Chris Botta: September saw two major trades in the NHL -- the Dany Heatley deal to San Jose and the Phil Kessel move to Toronto. But since the regular season started more than two months ago, there have been no major deals and -- worse -- very little trade buzz. (Sorry, folks in Minnesota and Toronto: the Chuck Kobasew, Guillaume Latendresse and Jiri Tlusty deals can not be considered game-changers, let alone blockbusters).

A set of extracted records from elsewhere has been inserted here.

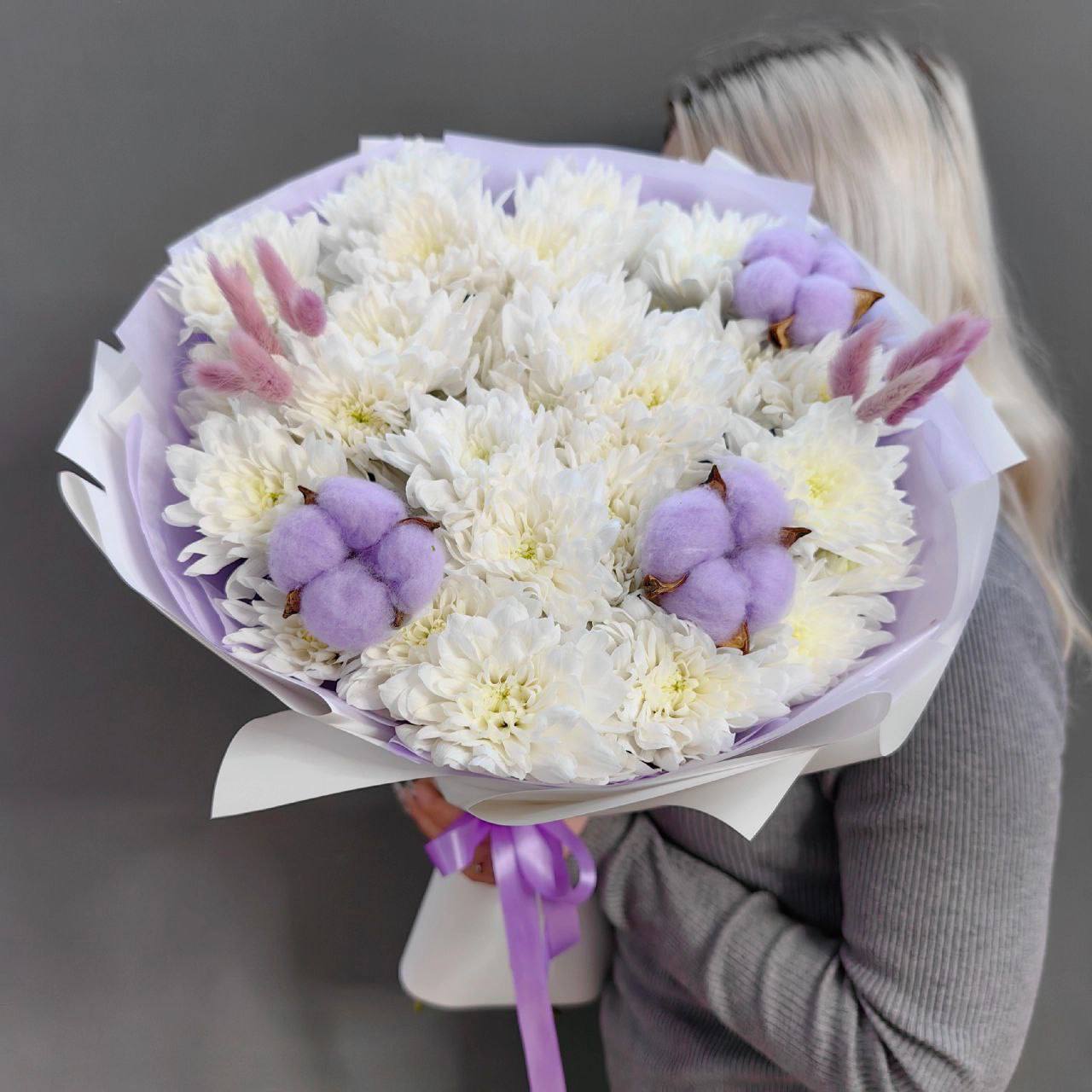 Букет с 5 кустовыми хризантемами и сухоцветами в сиреневой гамме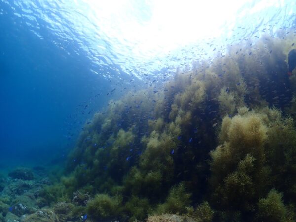 ホンダワラの群生が浅場に広がり、幻想的な海藻の森が出現します。また、ソラスズメダイやクロホシイチモチなどの幼魚が群れを成して泳いでいます!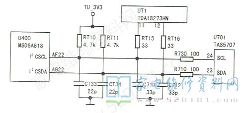 如果上述初始化过程异常,则终止该程序运行,U400的开机端(H5不会发出高电平开机指令。开机后测量U400的时钟振荡AG1、AH2端波形正常,复位G1端(高电平复位)复位电压也正常,但I2C总线时钟端AF22的电压为0V(正常应为3.3V),U400外挂总线器件有高频头UT1 (TDA18273HN)和音频数字功放U701(TAS5707),如图1所示。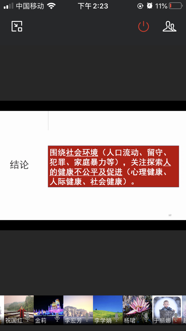 学科各方向负责人和骨干教师围绕研究主题进行了热烈的讨论。苏海博士提出跨学科的研究是未来研究方向,建议从实践的角度,尽快确定可落地的社区进行实践研究,从简单的主题切入进行研究。林存秀博士从生态女性主义的领域出发,建议团队成员对前期研究方向与当前主题进行结合。金莉副教授提出从大健康的概念出发,对研究地域进行选择。赵记辉副教授从社会环境与健康的难点,核心观点、社会科学的研究、医学的关注、大健康与健康教育学院、新文科建设等层面进行分析,进而提出了依托社区的健康管理(母婴健康老年人健康残疾人健康),通过教学-科研-社会服务相结合,调研和干预相结合的方式,围绕社会环境(人口流动、留守、犯罪、家庭暴力)关注探索人的健康不公平及健康促进(心理健康、人际健康、社会健康)。王文静博士从人文性的健康概念出发,提出关注社会福祉,关注社会矛盾,回应社会需求。其他教师分别从研究方法、研究方向及研究切入点等层面进行讨论和发言。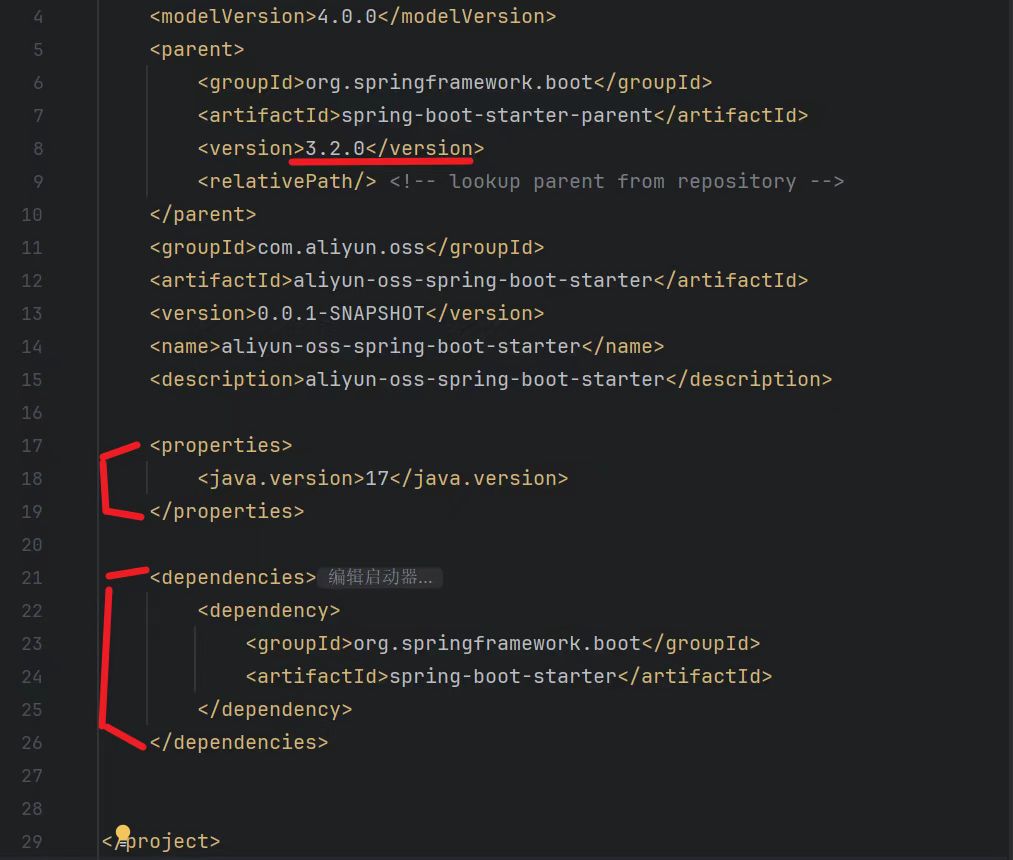 保留src 用于写自动配置文件 、保留pom文件 (pom内容也可仅保留上面图片部分)
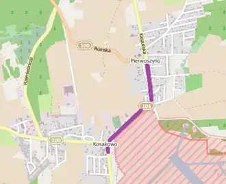 Voivodeship Road 101 (Polish: Droga wojewódzka nr 101, abbreviated DW 101) is a former voivodeship road. It ran through the Pomeranian Voivodeship from voivodeship road 100 in Pierwoszyno to Kosakowo where there is the new international airport.[1] The route was concurrent with voivodeship road 100 on its entire length.

Let's face it, Kevin, tradewinds make professional sports tick. I'm convinced the media and fans cherish the hot-stove league more than Major League Baseball's regular season. Ask a hockey fan if they'd rather hear the result of 1-of-82 games or the news of their team's latest trade and they'd take the swap every time. But in the last ten weeks, ten players have been claimed on waivers (Andrew Ebbetts twice), while just a half-dozen B and C-level trades have been completed. What gives? This is no fun!
Kevin Schultz: It's no fun at all. We need some rumors to monger! One of the main culprits is cap space. A lot of teams are right up against the cap and don't have a lot of wiggle room. According to NHLNumbers.com, ten teams have less than two million in cap space available, which means ten GMs will have a tough time taking on salary. On the flip side, there are teams with a ton of cap space (Nashville, Phoenix, the Islanders) but because of their own financial issues are unwilling to add salary. So we've got teams on both ends of the spectrum that can't afford -- or don't want -- to take on a big salary.
Another reason is that there are few, if any, sellers. Thanks to the overtime point, the playoff races are packed with more teams later in the season. Other than the Hurricanes and Ducks, no team is more than seven points out of a playoff spot. That leaves an awful lot of potential buyers in the market. Give it a few more months. Once the playoff pictures really start to take shape there will be more action. Teams will be more desperate to add an impact player and more teams will give up shop and go home.
Chris Botta: For the last three years, Brian Burke has been peddling a proposal at the GM meetings that would allow teams to retain a portion of a player's salary in a trade. This way a team can trade someone making $2 million for a draft pick but also pick up half the salary. Under Burke's proposal, teams would be limited to how much money they can retain in a year.
I don't love Brian's proposal, mostly because it seems to fly in the face of the fight for a salary cap. I seem to recall the NHL shut down for a year over a hard cap. But it would definitely get the rumor mill churning again. What do you think?
Kevin Schultz: I'm thinking two things here. This will inevitably favor big money teams. As it stands right now, teams pay an equal penalty for making poor decisions. If this rule is implemented as is, rich teams will gain the ability to sell off their mistakes. That's the kind of thing we sat out a year to fix.
On the flip side, yes it would certainly increase trades. But is it worth it? Personally, I would give up hot stove talk if it meant knowing that the playing surface was level. That's one of my biggest pet peeves about MLB -- the salary disparity between the haves and the have nots. As the NFL has shown, there's a lot to be said for a salary cap. But I feel like I'm in the minority on this one. Where do you stand, CB?
Chris Botta: As tantalizing as it is, I vote no on Burke's proposal. There's a reason why it hasn't gained enough traction over the last three years. I don't see enough NHL governors passing it.
So that leaves us back to the silence of the trade rumors. You know what? I doubt we'll see much major activity between now and the Olympics in February. In the League Where Every Team Gets Points, as many as 26 of the NHL's 30 teams may still be hanging around the playoff race in the week leading up to the March 3 deadline. Right now, only Carolina appears out of it in the East -- and their 13-point deficit is not insurmountable. In the West, there's just a ten-point split between No. 5 Los Angeles and No. 15 Anaheim.
Guess they just don't make trades like they used to, Kevin.
Kevin Schultz: Well, sort of. It seems like we're back in an era -- well before my time -- of fewer trades and more home-grown players. I'm sure the ever-cranky hockey purists are going to love that and, incidentally, I wonder if it will go anywhere in terms of the NHL being able to market its stars more easily. With star players changing teams less because they're locked into long-term deals, they become the faces of franchises. I don't know, it's possible. But it certainly looks like we're in for fewer trades, for better or worse.